Owned and operated by Bell Media, the station airs an adult hits format under the on-air brand Bounce 106.3.

CKGR also has an AM rebroadcaster at 870 kHz in Invermere with the call sign CKIR.

History
In 1973, Hall-Gray Broadcasting Co. Ltd. (Bob Hall and Walter Gray) received a licence to operate a new AM station at Golden. CKGR signed on the air in 1974 at 1400 kHz as a rebroadcaster of CKCR-FM. In 1984, CKGR received Canadian Radio-television and Telecommunications Commission (CRTC) approval to broadcast some local content of its own in addition to the content provided from CKCR and add a rebroadcaster of its own at Invermere, operating at 870 kHz with the call sign CKIR.

Over the years, the station went through different ownerships.
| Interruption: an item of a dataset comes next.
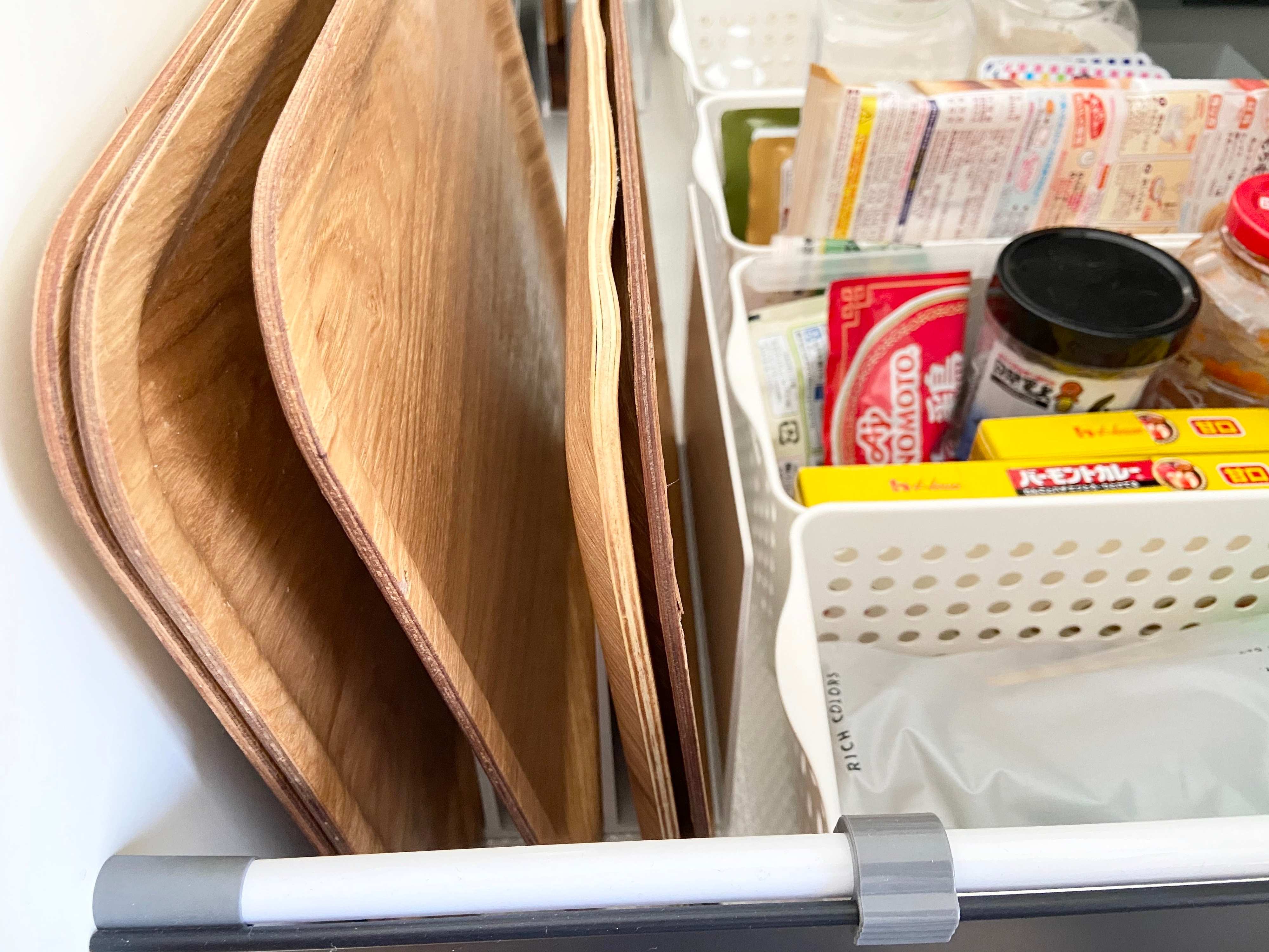 スチロール仕切りスタンド3仕切り・小(税込690円)をお盆の収納に使っています。アクリル収納スタンドよりもプチプラで、カラーもホワイトなので使いやすい収納品の1つです。

In October 2007, the assets of Standard Radio, including CKGR, were purchased by Astral Media, and then Bell Media, which has been the owner of CKGR since 2013.

Switch to FM

On October 15, 2010, CKGR received approval by the CRTC to convert to the FM band at 106.3 MHz with an average effective radiated power of 890 watts to broadcast a soft adult contemporary format targeting adults aged 18 to 54.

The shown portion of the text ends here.